MATERIAL FOR THIS TASK ▸
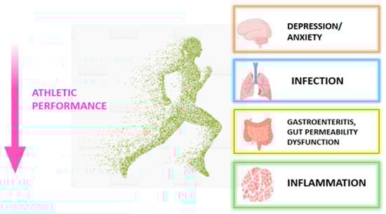 Overtraining can lower the immune system and in turn result in an “open window” period, where sensitivity to infection is increased [126,149]. Athletes are vulnerable to GI, URTI, and skin infections [150].
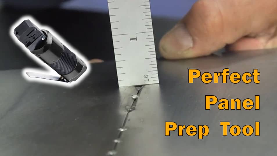 A must for the beginning welder and professional alike. Minimizes blow through and warpage when joining panels. Great for patch panels or full quarter panel replacement. Simply cut patch or full panel. Overlay panel over the repair area, scribe and cut panel on vehicle and use the Pneumatic Weld-Prep tool to create the “perfect weld edge”. The formed edge of both panels is now created that will accept the full penetration MIG or TIG bead with almost no post grinding or leveling minimizing warpage and crack potential around your repair. Patent Pending.
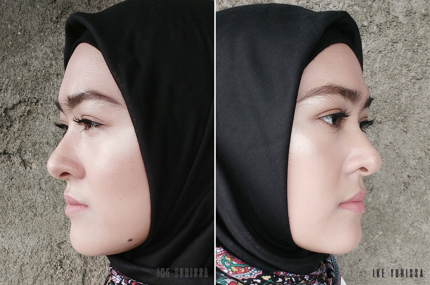 left-right: with & without The Balm Bahama Mama as contour. Saya menggunakan The Balm Bahama Mama juga untuk kedua kelopak sebagai eyeshadow |
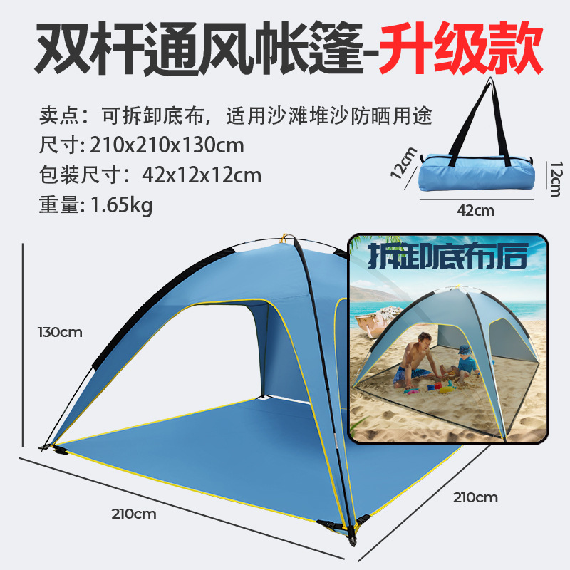 비치 텐트 크로스 보더 폴리에스터 실버 코팅 자외선 차단제 및 비 방지 퀵 오프닝 3 면 통풍 넓은 야외 텐트 구축스토어 가기
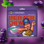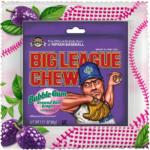 The Ball Players’ Gum, for major leaguers of all ages. Shredded bubble gum in a folding foil pouch that keeps the juicy grape flavour locked inside.
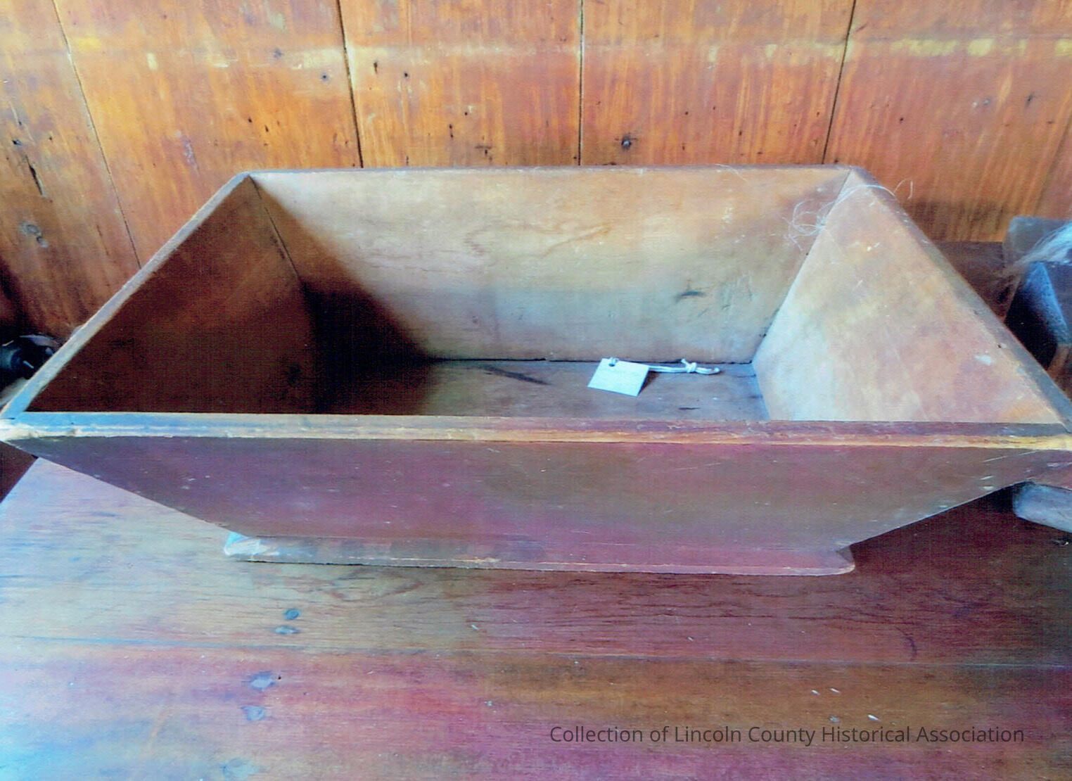 Pine dough trough stained red on outside. Simple angled baseDimensions

WHAT TO DO ▸ Leave every picture out, and transcribe the data above exactly as it reads.

ANSWER SPACE ▸
 Overtraining can lower the immune system and in turn result in an “open window” period, where sensitivity to infection is increased [126,149]. Athletes are vulnerable to GI, URTI, and skin infections [150].
 A must for the beginning welder and professional alike. Minimizes blow through and warpage when joining panels. Great for patch panels or full quarter panel replacement. Simply cut patch or full panel. Overlay panel over the repair area, scribe and cut panel on vehicle and use the Pneumatic Weld-Prep tool to create the “perfect weld edge”. The formed edge of both panels is now created that will accept the full penetration MIG or TIG bead with almost no post grinding or leveling minimizing warpage and crack potential around your repair. Patent Pending.
 left-right: with & without The Balm Bahama Mama as contour. Saya menggunakan The Balm Bahama Mama juga untuk kedua kelopak sebagai eyeshadow |
 비치 텐트 크로스 보더 폴리에스터 실버 코팅 자외선 차단제 및 비 방지 퀵 오프닝 3 면 통풍 넓은 야외 텐트 구축스토어 가기
 The Ball Players’ Gum, for major leaguers of all ages. Shredded bubble gum in a folding foil pouch that keeps the juicy grape flavour locked inside.
 Pine dough trough stained red on outside. Simple angled baseDimensions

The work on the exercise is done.